Страница 3 из 3
И „конституция‟, и „обличения‟ могли соприкасаться с главным кругом мыслей Чехова, но они не входили в этот главный круг. И чрезвычайно трудно определить, каков этот круг был на самом деле. Некоторые писатели, как отец Сергей Булгаков, как совсем недавно Б.К. Зайцев, признавали Чехова религиозной натурой. Другие, как Евгений Замятин, держались прямо противоположного мнения. Не раз высказывалось мнение, что Чехов имел или нашел „веру в человека‟. Он сам писал: „Веровать в Бога нетрудно. В него веровали и инквизиторы, и Бирон, и Аракчеев. Нет, вы в человека уверуйте‟. И еще: „Мое святое святых — это человеческое тело, здоровье, ум, талант, вдохновение, любовь и абсолютнейшая свобода‟. Понять это нелегко. Что такое, например, „абсолютнейшая свобода‟? Почему „человеческое тело‟ не просто факт, — при здоровье, при Отсутствии уродства очень хорошая вещь, — а „святая святых‟?

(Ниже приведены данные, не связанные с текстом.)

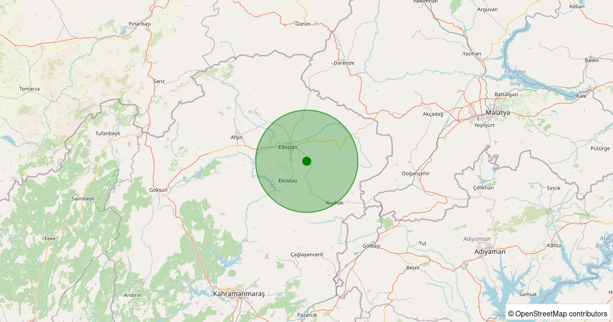 Son 7 gün içinde Elbistan - Akbayır/Osmangazi noktasından 100 km yarıçap içerisinde meydana gelen diğer depremler:

К философским идеям у него было разве лишь немногим больше интереса, чем к идеям политическим. Ум, талант, вдохновение — были, помимо своего необыкновенного таланта, он был столь же необыкновенно умен. Имел и немалую общую культуру, всегда много читал. Но такого влечения, такого интереса к человеческой мысли, как Пушкин, Тургенев, Толстой, принадлежавшие к самым многосторонне образованным людям мира, Чехов не имел. Говорил о том, что называется „концепциями‟, неохотно. Можно было бы привести немало отдельных цитат из него в доказательство и того, что он был религиозной натурой, и того, что религиозное начало было ему чуждо, и того, что вместо идей у него были только настроения. Автор этих строк склонялся бы к последнему взгляду, но без уверенности и с оговорками, которые вообще необходимы в суждениях о мыслях и чувствах Чехова.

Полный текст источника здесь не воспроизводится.